Nagios配置
其实上篇Nogios安装只是安装了Nagios基本组件,虽然能够打开主页,但是如果不配置相关配置文件文件,那么左边菜单很多页面都打不开,相当于只是一个空壳子。接下来,我们来学习研究一下Nagios的配置,了解一下基本的配置和了解各类配置文件。
Nagios配置目录
Nagios的配置文件位于etc目录下(/usr/local/nagios/etc)如下图所示:
配置文件简介
配置文件名 |
功能描述 |
cgi.cfg |
控制CGI访问的配置文件 |
nagios.cfg |
主配置文件:主配置文件包括了一系列的设置,它们会影响Nagios守护进程 |
resource.cfg |
资源配置文件:资源文件可以保存用户自定义的宏。
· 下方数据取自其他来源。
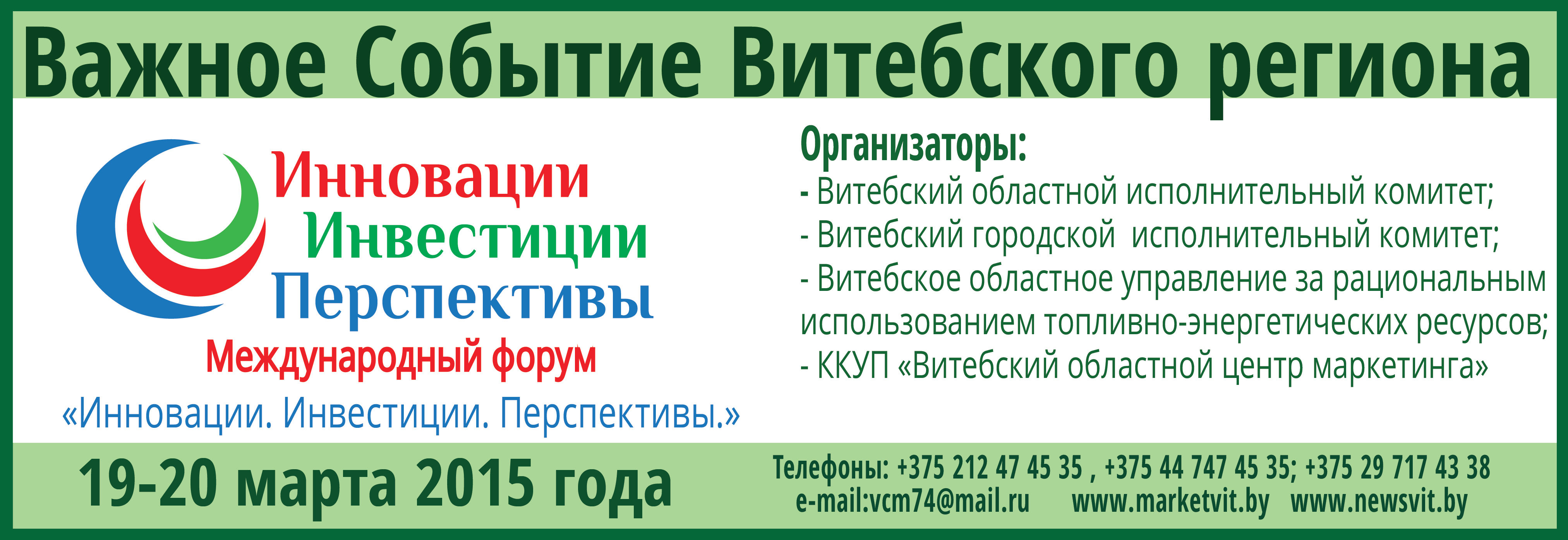 В соответствии с распоряжением Витебского областного исполнительного комитета № 370р от 22.12.2014г. Международный форум ”Инновации. Инвестиции. Перспективы“ (далее – Форум) состоится с 19 по 20 марта 2015 года в г.Витебске в Дворце спорта спортивного учреждения ”Витебский спортивный клуб“ (г.Витебск, пр-т Строителей, д.23).

资源文件的一个主要用途是保存一些敏感的配置信息,不能让CGIS程序模块获取到的信息 |
objects |
objects是一个目录,在此目录下有很多配置文件,用于定义Nagios对象:commands.cfg、contacts.cfg、localhost.cfg |
objects目录下的配置文件描述
配置文件名 |
功能描述 |
commands.cfg |
命令定义配置文件,其中定义的命令可以被其他配置文件引用 |
contacts.cfg |
定义联系人和联系人组的配置文件 |
localhost.cfg |
定义监控本地主机的配置文件 |
printer.cfg |
定义监控打印机的一个配置文件模板,默认没有启用此文件 |
switch.cfg |
定义监控路由器的一个配置文件模板,默认没有启用此文件 |
templates.cfg |
定义主机和服务的一个模板配置文件,可以在其他配置文件中引用 |
timeperiods.cfg |
定义Nagios 监控时间段的配置文件 |
windows.cfg |
监控Windows 主机的一个配置文件模板,默认没有启用此文件 |
实践配置步骤
下面修改配置信息,首先让Nagios监控本机的各种资源消耗。修改下面配置文件前,首先将各类配置文件备份一份,以免修改过程出现重大问题时,还能回滚到修改前版本(修改前先将配置文件copy一份,命名为xxxx.bak 如下所示)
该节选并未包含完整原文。